### Exercise objective
Locate the string "standard" in the records below. Copy every line where it occurs.

── Records shown

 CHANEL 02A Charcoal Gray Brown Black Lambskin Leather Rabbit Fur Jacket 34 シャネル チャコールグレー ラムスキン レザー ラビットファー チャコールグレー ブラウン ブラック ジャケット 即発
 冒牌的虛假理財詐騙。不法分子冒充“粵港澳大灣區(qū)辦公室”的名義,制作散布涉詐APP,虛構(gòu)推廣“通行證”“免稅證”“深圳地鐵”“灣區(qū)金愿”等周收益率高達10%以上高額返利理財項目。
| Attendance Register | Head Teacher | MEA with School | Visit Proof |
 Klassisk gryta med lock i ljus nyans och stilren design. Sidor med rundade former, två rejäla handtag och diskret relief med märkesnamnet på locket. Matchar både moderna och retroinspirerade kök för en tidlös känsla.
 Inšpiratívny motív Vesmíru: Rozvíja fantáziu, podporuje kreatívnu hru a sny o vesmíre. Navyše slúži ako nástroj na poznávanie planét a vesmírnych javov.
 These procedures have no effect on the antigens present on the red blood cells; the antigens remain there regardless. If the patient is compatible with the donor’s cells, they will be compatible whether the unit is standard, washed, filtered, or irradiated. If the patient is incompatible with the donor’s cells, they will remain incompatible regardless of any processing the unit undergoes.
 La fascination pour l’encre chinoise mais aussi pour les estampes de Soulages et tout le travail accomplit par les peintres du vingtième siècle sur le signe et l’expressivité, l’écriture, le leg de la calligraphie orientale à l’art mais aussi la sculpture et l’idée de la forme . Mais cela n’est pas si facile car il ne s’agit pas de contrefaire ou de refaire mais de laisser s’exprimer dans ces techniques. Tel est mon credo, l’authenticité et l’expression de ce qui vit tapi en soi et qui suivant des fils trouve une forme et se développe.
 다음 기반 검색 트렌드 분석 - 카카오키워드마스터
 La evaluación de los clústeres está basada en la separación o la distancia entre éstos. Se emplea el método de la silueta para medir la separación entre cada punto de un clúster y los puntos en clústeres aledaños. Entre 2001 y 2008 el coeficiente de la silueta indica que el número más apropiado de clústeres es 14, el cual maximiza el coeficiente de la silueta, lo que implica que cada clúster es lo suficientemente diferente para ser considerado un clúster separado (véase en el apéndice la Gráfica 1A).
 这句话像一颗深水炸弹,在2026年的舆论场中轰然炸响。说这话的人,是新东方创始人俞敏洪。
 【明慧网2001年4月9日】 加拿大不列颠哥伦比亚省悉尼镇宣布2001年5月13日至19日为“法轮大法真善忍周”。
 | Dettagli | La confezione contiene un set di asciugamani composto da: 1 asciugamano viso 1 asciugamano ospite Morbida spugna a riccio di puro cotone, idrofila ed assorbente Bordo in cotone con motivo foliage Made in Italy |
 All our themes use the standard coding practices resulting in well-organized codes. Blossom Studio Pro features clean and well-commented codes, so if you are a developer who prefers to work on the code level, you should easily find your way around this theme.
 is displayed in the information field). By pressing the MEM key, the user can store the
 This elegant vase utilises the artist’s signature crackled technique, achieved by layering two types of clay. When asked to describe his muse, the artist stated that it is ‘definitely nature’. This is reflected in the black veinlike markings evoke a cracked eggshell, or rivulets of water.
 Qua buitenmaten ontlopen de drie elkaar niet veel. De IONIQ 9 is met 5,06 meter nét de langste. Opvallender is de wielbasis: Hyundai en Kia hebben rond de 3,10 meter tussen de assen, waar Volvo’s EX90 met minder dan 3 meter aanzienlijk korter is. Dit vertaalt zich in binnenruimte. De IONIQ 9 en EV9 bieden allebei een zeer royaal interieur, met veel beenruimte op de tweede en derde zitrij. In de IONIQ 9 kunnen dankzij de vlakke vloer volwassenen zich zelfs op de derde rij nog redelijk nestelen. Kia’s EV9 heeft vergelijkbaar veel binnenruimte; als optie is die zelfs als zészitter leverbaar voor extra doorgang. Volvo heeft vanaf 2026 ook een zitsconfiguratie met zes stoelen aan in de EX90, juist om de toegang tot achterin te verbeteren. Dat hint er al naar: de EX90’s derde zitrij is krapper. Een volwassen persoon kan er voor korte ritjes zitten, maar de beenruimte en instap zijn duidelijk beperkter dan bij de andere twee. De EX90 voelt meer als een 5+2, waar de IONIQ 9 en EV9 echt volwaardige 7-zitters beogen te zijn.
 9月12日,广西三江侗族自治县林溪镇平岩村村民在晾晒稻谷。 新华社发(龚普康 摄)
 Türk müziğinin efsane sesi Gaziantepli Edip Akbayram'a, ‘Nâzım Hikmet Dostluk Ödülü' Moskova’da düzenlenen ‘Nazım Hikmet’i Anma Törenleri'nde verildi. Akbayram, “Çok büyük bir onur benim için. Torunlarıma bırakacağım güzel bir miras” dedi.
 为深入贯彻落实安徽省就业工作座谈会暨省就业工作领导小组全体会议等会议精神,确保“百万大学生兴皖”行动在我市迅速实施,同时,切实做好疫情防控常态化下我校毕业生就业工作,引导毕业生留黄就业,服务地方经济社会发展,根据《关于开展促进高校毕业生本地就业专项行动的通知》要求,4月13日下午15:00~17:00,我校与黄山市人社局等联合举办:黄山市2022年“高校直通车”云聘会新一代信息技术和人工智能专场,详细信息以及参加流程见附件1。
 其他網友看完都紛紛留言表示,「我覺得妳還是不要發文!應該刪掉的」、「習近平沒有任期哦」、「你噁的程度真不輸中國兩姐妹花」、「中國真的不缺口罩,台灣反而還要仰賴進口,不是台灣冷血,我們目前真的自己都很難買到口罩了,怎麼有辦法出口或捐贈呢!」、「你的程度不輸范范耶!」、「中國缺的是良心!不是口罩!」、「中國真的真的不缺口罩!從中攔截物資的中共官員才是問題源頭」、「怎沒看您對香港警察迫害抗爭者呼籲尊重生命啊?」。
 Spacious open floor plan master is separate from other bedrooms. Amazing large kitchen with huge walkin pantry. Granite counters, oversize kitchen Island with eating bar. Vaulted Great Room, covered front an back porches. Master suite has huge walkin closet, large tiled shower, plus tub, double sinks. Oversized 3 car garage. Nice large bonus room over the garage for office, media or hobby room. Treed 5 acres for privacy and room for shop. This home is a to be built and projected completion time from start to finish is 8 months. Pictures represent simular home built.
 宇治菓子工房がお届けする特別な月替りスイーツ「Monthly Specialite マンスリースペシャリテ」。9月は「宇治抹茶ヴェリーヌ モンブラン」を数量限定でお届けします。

────

### Response to this exercise
 These procedures have no effect on the antigens present on the red blood cells; the antigens remain there regardless. If the patient is compatible with the donor’s cells, they will be compatible whether the unit is standard, washed, filtered, or irradiated. If the patient is incompatible with the donor’s cells, they will remain incompatible regardless of any processing the unit undergoes.
 All our themes use the standard coding practices resulting in well-organized codes. Blossom Studio Pro features clean and well-commented codes, so if you are a developer who prefers to work on the code level, you should easily find your way around this theme.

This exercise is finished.